As it happens, in rewatching the episode without the commentary, while I went in with what I knew was the incalculable advantage this time through of already knowing who the characters were, one of the things that struck me was what a terrific job the creative team had done in exactly this regard: helping the viewer get a handle on this enormous roster. Which, again, is the mark of writing, direction, and acting that is especially well positioned to produce TV of high and lasting quality. It's fascinating to hear Jason and Tom talk about the problems of re-creating the same scenes with a different Sarah (consider, for example, that you have a brand-new actress interacting with people who have already been inhabiting their characters, not just as individuals but as an ensemble, and had in fact already "finished" these scenes), and also the opportunities. Tom talks in particular about finding ways to enable Lauren Graham to give the most she had to give to her Sarah.

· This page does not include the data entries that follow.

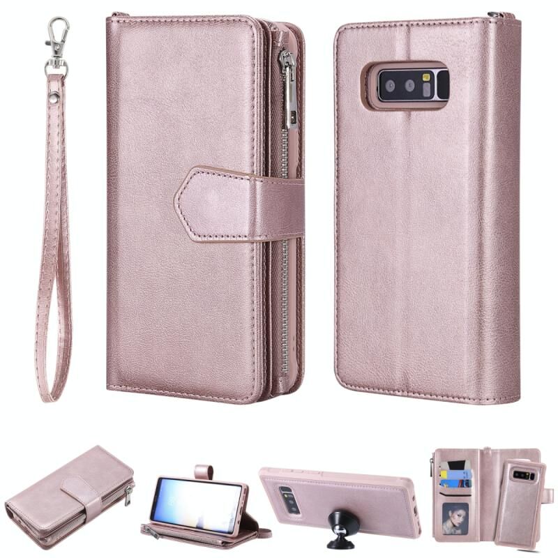 Για Galaxy Note 8 2 σε 1 Αμιγές χρώμα φερμουάρ Shockproof προστατευτική θήκη με υποδοχές για κάρτες & βραχίονα & φωτογραφική θήκη & λειτουργία πορτοφόλι (Rose Gold)
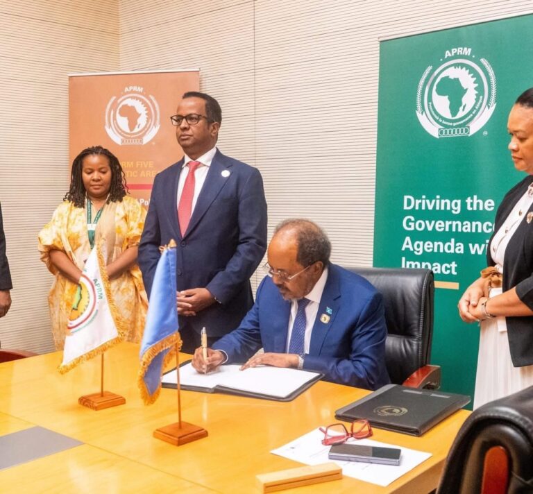 ويُعدّ انضمام الصومال إلى الآلية الأفريقية لمراجعة النظراء دليلاً على التزام الحكومة الفيدرالية بتعزيز الديمقراطية والحكم الرشيد، وبناء مؤسسات عامة فعّالة وخاضعة للمساءلة، والإدارة الاقتصادية المسؤولة، والتنمية الاجتماعية الشاملة.
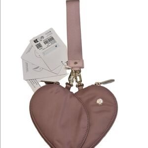 Make a statement with this Spiced Chai, Pink Haze and Gold heart wristlet by Lululemon.

In the audio commentary we also hear Jason and Tom talking about the (to them) crucial process in making TV of interacting with your cast: watching what they bring to their characters as the shows unfold, and incorporating that into the future writing and directing. For them, in fact, this is one of the great pleasures of working in series television, and can be seen all over the place in Tom's great collaborations with Aaron Sorkin (Sports Night, The West Wing, Studio 60 on the Sunset Strip) and of course in Jason's great series Friday Night Lights and Parenthood.
By the time it came to writing the final episode of Parenthood, the lives of the characters had been so powerfully established that a lot of scenes must have seemed almost obligatory to Jason -- like the great scene between Zeek and Sarah, which finds Zeek -- knowing how limited his remaining time is likely to be, asking Sarah, whom he acknowledges (truthfully, I think) to be "my favorite," if he was a good father. Of course she answeres, "The very best." But the truth is, as we know, that while he has indeed been an extraordinary father in some ways, the ways that were most satisfying for him, in all sorts of other ways he wasn't such a good father at all. It's one of the reasons that such a burden of surrogate-fatherhood fell on the oldest Braverman sibling, Adam (Peter Krause).
And in rewatching those first four episodes, it's fascinating to see, not just how the brother and sisters rely on Adam for guidance, but how mediocre that advice usually is. What he offers the others, more than anything, is that he's there for them.
Somehow, I think all of these pieces are part of why the show is going to endure long after its final episode on Thursday.